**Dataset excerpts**
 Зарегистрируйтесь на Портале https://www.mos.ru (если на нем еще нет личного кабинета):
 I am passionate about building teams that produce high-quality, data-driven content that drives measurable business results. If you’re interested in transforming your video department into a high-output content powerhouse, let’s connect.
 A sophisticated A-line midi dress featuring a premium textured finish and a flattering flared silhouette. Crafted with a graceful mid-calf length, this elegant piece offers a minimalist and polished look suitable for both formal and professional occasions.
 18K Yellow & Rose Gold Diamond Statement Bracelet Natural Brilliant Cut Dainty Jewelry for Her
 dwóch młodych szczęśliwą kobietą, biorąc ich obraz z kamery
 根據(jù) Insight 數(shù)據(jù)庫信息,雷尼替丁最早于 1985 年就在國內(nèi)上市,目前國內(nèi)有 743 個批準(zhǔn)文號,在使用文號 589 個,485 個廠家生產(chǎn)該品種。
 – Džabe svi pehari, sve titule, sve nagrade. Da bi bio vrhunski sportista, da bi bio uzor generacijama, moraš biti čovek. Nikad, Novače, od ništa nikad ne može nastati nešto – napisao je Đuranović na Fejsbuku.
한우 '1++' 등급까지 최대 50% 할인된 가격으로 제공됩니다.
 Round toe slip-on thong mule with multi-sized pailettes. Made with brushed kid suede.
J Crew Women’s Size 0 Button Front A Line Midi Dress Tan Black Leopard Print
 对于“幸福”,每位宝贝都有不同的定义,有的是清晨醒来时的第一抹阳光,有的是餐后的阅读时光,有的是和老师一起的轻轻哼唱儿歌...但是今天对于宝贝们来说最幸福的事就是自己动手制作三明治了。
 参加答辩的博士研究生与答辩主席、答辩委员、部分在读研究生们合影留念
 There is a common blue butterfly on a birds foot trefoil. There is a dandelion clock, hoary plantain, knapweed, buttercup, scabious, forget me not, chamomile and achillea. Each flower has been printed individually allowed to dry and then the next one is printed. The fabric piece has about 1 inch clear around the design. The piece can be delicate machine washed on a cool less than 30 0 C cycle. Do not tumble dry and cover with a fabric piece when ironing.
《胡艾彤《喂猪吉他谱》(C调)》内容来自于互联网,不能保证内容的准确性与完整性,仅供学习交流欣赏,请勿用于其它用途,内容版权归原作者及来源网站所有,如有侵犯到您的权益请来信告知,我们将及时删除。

**Exercise instructions**
Look above for the line holding "A sophisticated A-line", then set down exactly that line and every line after it up to and including the line holding "Round toe slip-on", with nothing else.

**Result of the task**
 A sophisticated A-line midi dress featuring a premium textured finish and a flattering flared silhouette. Crafted with a graceful mid-calf length, this elegant piece offers a minimalist and polished look suitable for both formal and professional occasions.
 18K Yellow & Rose Gold Diamond Statement Bracelet Natural Brilliant Cut Dainty Jewelry for Her
 dwóch młodych szczęśliwą kobietą, biorąc ich obraz z kamery
 根據(jù) Insight 數(shù)據(jù)庫信息,雷尼替丁最早于 1985 年就在國內(nèi)上市,目前國內(nèi)有 743 個批準(zhǔn)文號,在使用文號 589 個,485 個廠家生產(chǎn)該品種。
 – Džabe svi pehari, sve titule, sve nagrade. Da bi bio vrhunski sportista, da bi bio uzor generacijama, moraš biti čovek. Nikad, Novače, od ništa nikad ne može nastati nešto – napisao je Đuranović na Fejsbuku.
한우 '1++' 등급까지 최대 50% 할인된 가격으로 제공됩니다.
 Round toe slip-on thong mule with multi-sized pailettes. Made with brushed kid suede.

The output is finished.